• **Data records**:
┌────────

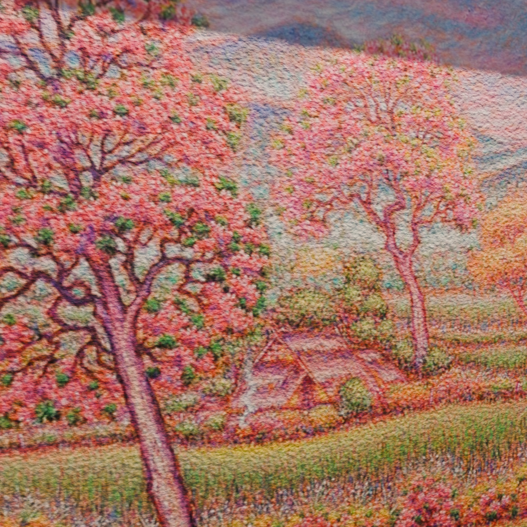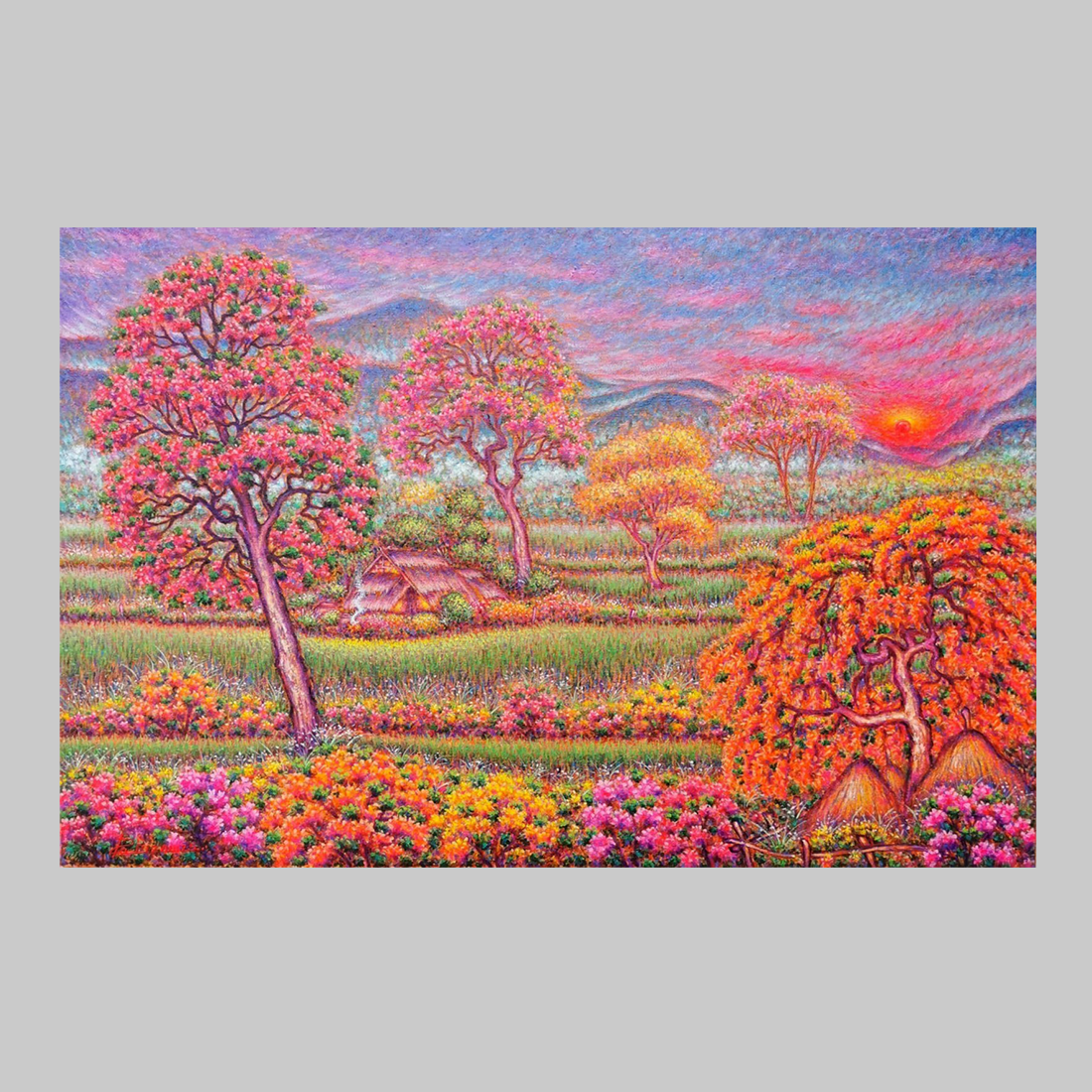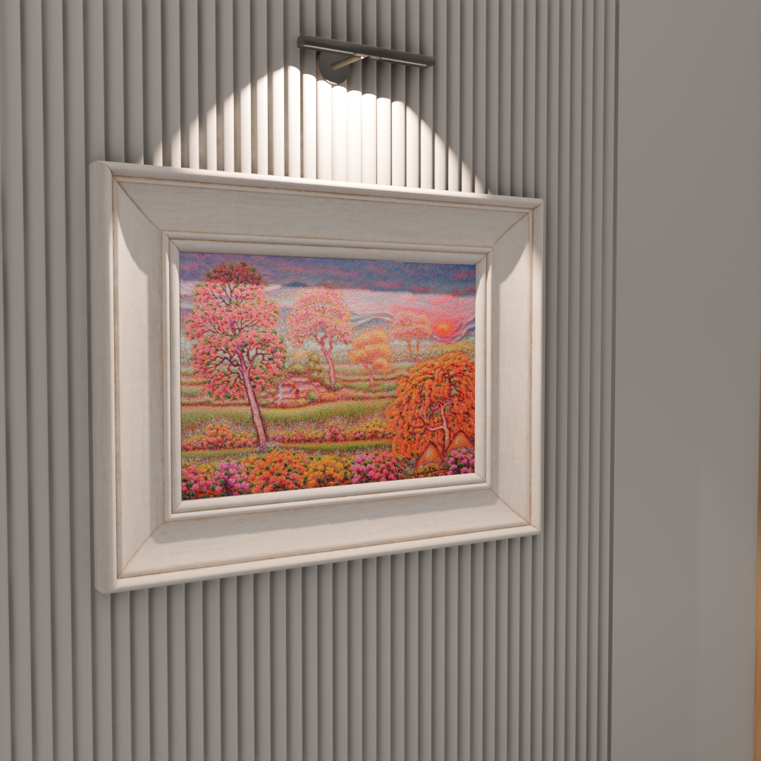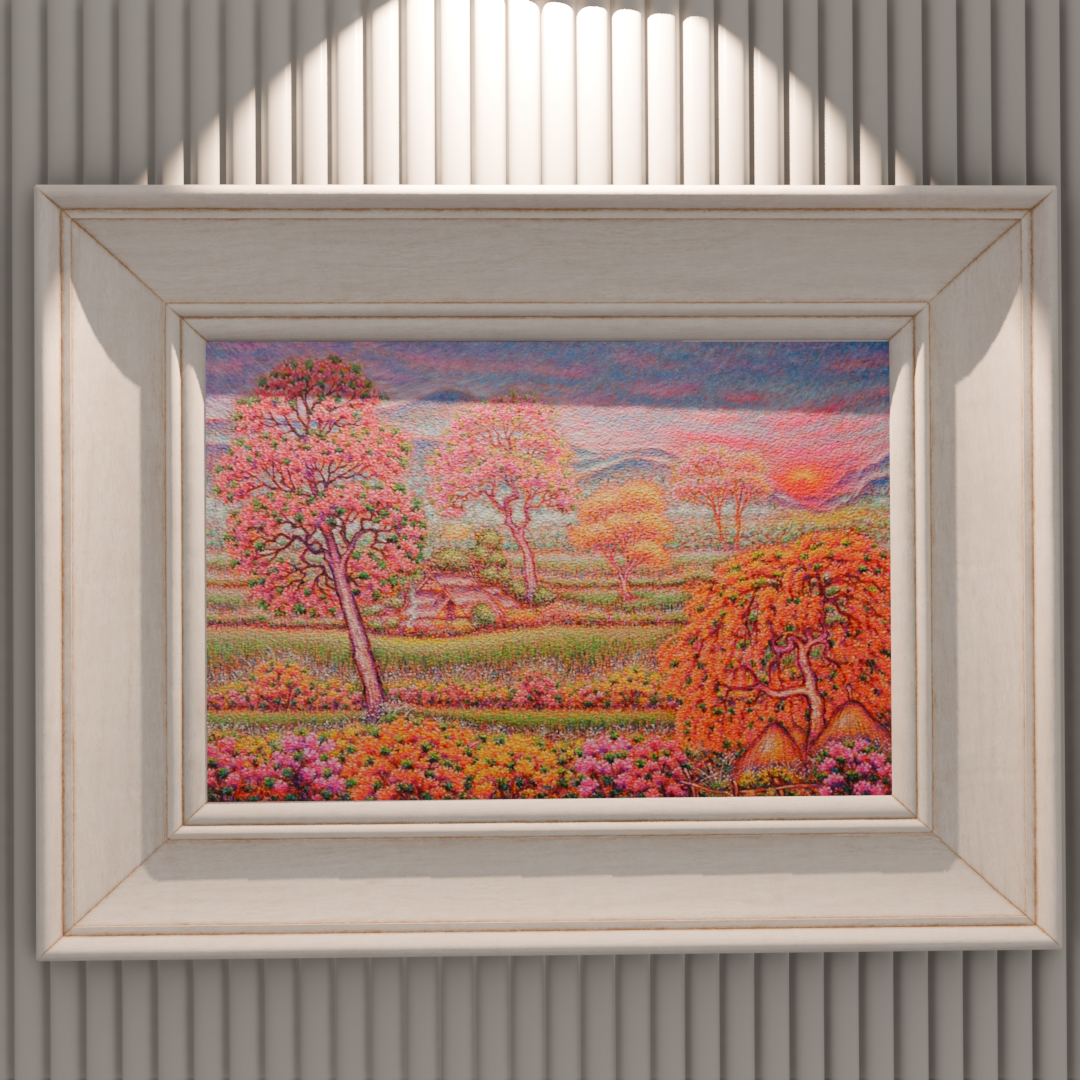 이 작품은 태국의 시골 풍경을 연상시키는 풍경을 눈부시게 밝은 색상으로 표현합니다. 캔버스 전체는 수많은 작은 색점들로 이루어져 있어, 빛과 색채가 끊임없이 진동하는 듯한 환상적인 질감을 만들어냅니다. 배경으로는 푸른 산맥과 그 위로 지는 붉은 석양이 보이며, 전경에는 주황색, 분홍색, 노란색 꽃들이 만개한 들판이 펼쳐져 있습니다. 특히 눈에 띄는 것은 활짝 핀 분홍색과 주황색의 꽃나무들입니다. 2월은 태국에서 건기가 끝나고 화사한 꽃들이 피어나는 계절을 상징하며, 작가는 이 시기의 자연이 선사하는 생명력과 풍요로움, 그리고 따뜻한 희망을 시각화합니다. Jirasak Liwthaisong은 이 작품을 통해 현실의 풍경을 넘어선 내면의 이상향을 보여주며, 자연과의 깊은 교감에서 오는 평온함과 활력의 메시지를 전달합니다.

└────────
┌────────

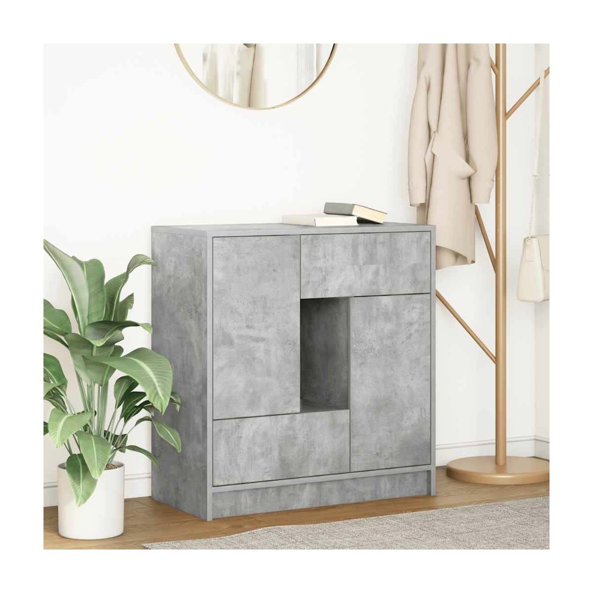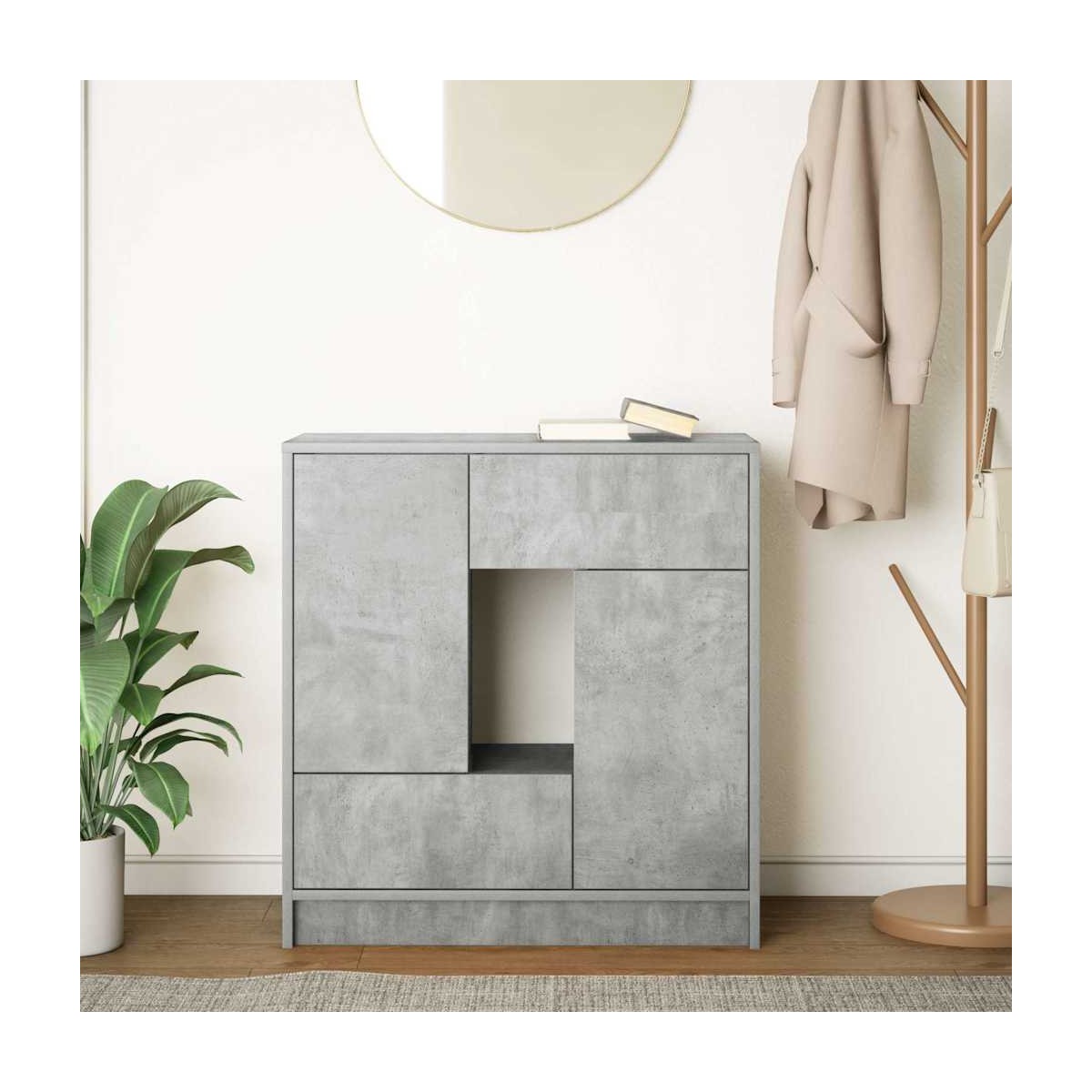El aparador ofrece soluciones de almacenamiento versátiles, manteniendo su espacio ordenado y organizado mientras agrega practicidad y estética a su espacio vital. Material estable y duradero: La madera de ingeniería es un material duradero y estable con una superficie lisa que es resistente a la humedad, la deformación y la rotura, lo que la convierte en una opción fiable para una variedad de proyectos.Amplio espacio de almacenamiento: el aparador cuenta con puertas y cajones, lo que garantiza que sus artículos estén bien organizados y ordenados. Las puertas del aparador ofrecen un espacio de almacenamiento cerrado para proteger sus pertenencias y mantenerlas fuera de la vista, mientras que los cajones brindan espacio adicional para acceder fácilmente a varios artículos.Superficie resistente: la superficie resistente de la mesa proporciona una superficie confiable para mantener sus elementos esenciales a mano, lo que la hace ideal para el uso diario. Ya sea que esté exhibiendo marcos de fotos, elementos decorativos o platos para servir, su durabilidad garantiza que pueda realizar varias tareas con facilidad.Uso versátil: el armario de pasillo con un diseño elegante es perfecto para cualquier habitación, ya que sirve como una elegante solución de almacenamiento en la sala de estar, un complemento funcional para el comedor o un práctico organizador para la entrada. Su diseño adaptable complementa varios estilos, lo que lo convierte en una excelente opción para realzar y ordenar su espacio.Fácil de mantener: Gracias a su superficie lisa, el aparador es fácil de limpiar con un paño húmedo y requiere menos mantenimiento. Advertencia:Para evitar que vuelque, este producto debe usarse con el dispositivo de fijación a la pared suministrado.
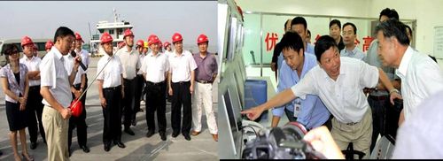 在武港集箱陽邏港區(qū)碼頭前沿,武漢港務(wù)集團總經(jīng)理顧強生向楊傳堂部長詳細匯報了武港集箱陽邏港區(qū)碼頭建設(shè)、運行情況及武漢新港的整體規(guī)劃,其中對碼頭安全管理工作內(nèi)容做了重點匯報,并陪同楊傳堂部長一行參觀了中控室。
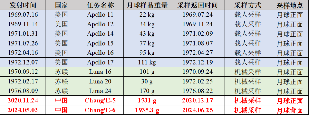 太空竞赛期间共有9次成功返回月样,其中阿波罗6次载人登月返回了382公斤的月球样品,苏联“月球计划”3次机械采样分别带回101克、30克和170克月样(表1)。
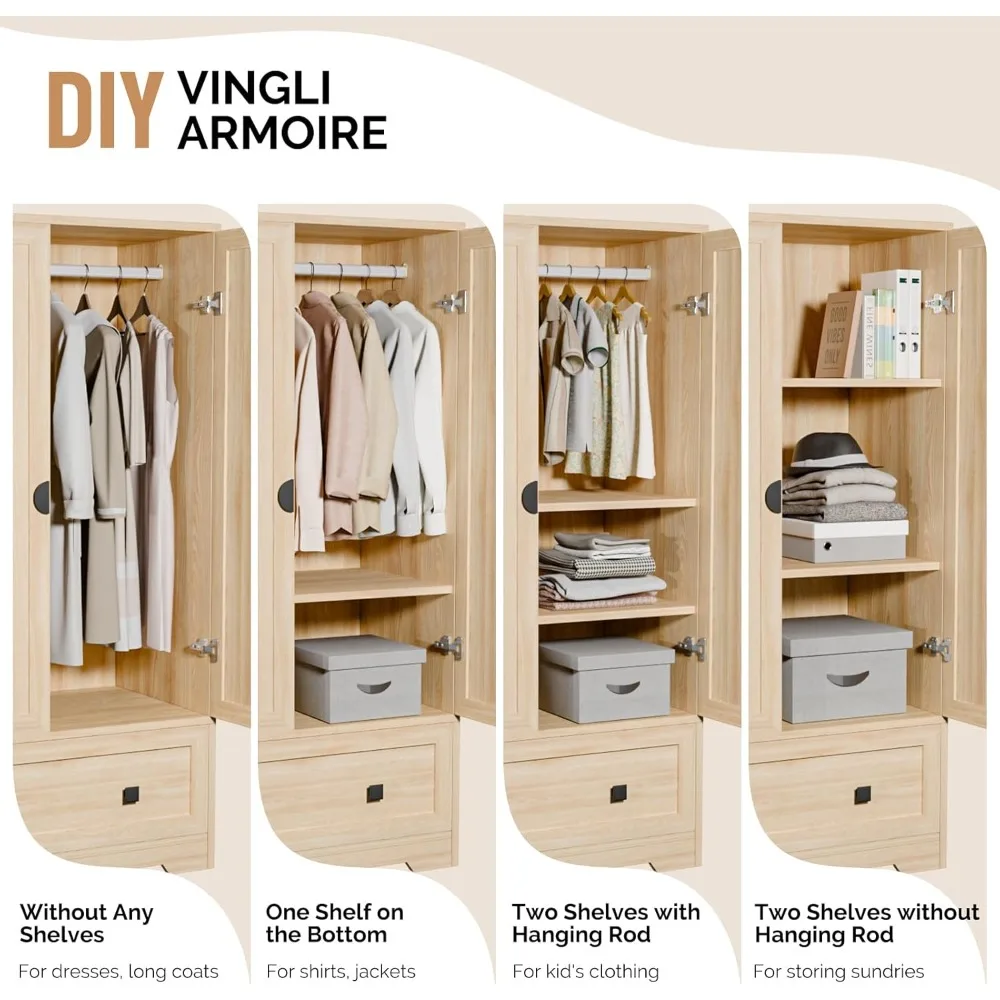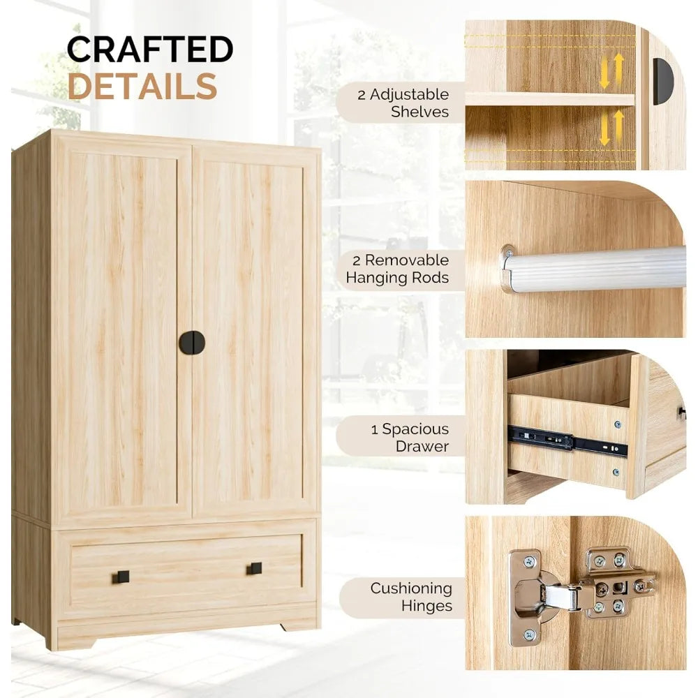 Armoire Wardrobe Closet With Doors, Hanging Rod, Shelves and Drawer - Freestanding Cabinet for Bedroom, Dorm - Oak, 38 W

└────────

• **Activity**: From the line holding "在武港集箱陽邏港區(qū)碼" to the line holding "Armoire Wardrobe Closet", both included, retype the entries above exactly and drop the pictures.

• **Solution**:
 在武港集箱陽邏港區(qū)碼頭前沿,武漢港務(wù)集團總經(jīng)理顧強生向楊傳堂部長詳細匯報了武港集箱陽邏港區(qū)碼頭建設(shè)、運行情況及武漢新港的整體規(guī)劃,其中對碼頭安全管理工作內(nèi)容做了重點匯報,并陪同楊傳堂部長一行參觀了中控室。
 太空竞赛期间共有9次成功返回月样,其中阿波罗6次载人登月返回了382公斤的月球样品,苏联“月球计划”3次机械采样分别带回101克、30克和170克月样(表1)。
 Armoire Wardrobe Closet With Doors, Hanging Rod, Shelves and Drawer - Freestanding Cabinet for Bedroom, Dorm - Oak, 38 W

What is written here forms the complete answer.